* [The problem]
Would you return the lines that run from the start of the data below to the line with "Set 15 Carioci", both included, exactly as written and without pictures?

* [Collected data]
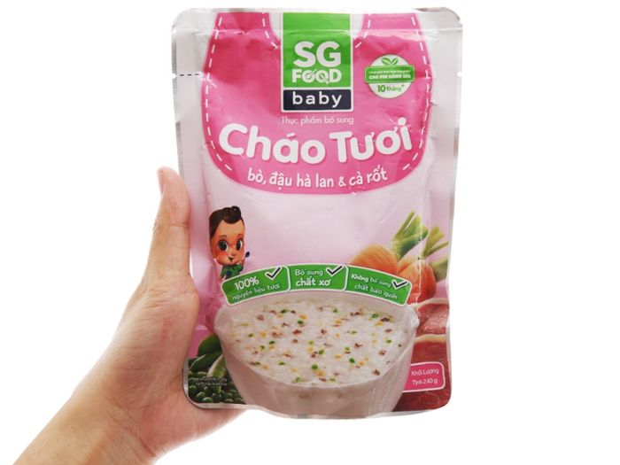Tất cả sản phẩm của SG Food đều được làm từ nguyên liệu tươi sạch, mẹ có thể hoàn toàn yên tâm khi chọn cháo từ SG Food cho bé yêu. Cháo SG Food có nhiều hương vị, đặc biệt là vị bò, đậu hà lan, cà rốt và vị bò, đậu đỏ, được rất nhiều bé yêu thích với hương vị tươi ngon, giữ nguyên dinh dưỡng như cháo mới nấu.
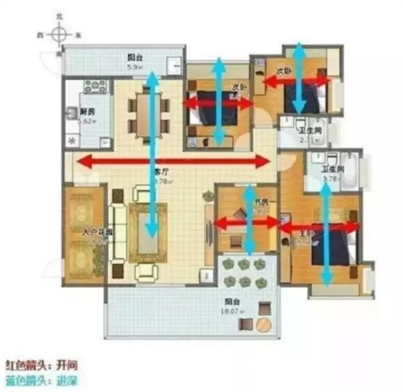 2、静区:卧室、书房、主卫等,应当尽量布置在户型内侧。
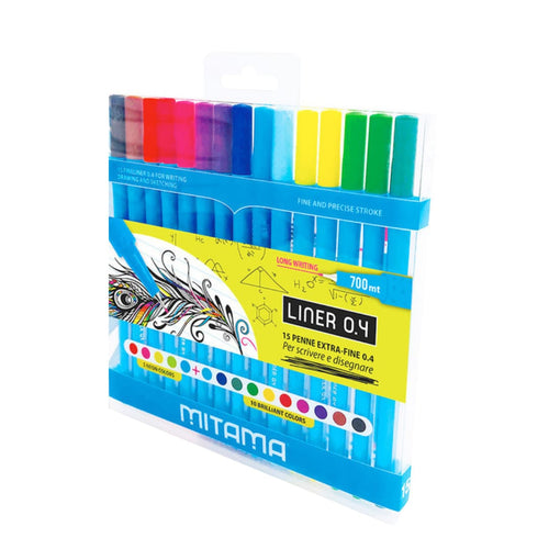Set 15 Carioci colorate Mitama, varf subtire 0.4 mm, forma ergonomica triunghiulara, multicolor
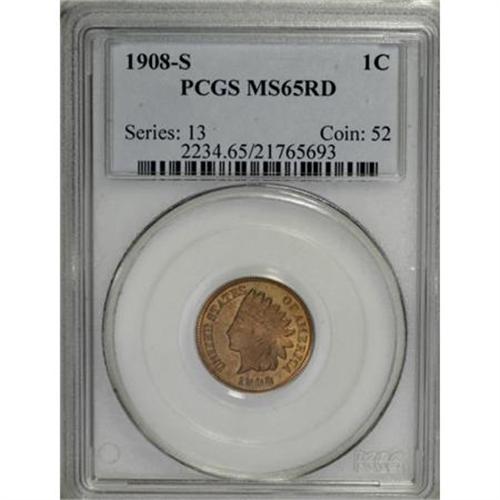 <B>1908-S 1C MS65 Red PCGS.</B></I> This scarce, semi-key issue is usually seen with soft definition on the tips of the feathers of the headdress, but on this piece that area of the coin is almost fully defined. The rich red mint luster shows the slightest tinge of olive on the reverse, and there are no distracting abrasions or spots of carbon on either side.<BR><BR><B>Coin Engraver:</B> James B. Longacre<BR><BR><b>Shipping:</b> Coins & Currency (<a target="_blank" href="http://www.heritageauctions.com/common/shipping.php">view shipping information</a>)

* [Task output]
Tất cả sản phẩm của SG Food đều được làm từ nguyên liệu tươi sạch, mẹ có thể hoàn toàn yên tâm khi chọn cháo từ SG Food cho bé yêu. Cháo SG Food có nhiều hương vị, đặc biệt là vị bò, đậu hà lan, cà rốt và vị bò, đậu đỏ, được rất nhiều bé yêu thích với hương vị tươi ngon, giữ nguyên dinh dưỡng như cháo mới nấu.
 2、静区:卧室、书房、主卫等,应当尽量布置在户型内侧。
Set 15 Carioci colorate Mitama, varf subtire 0.4 mm, forma ergonomica triunghiulara, multicolor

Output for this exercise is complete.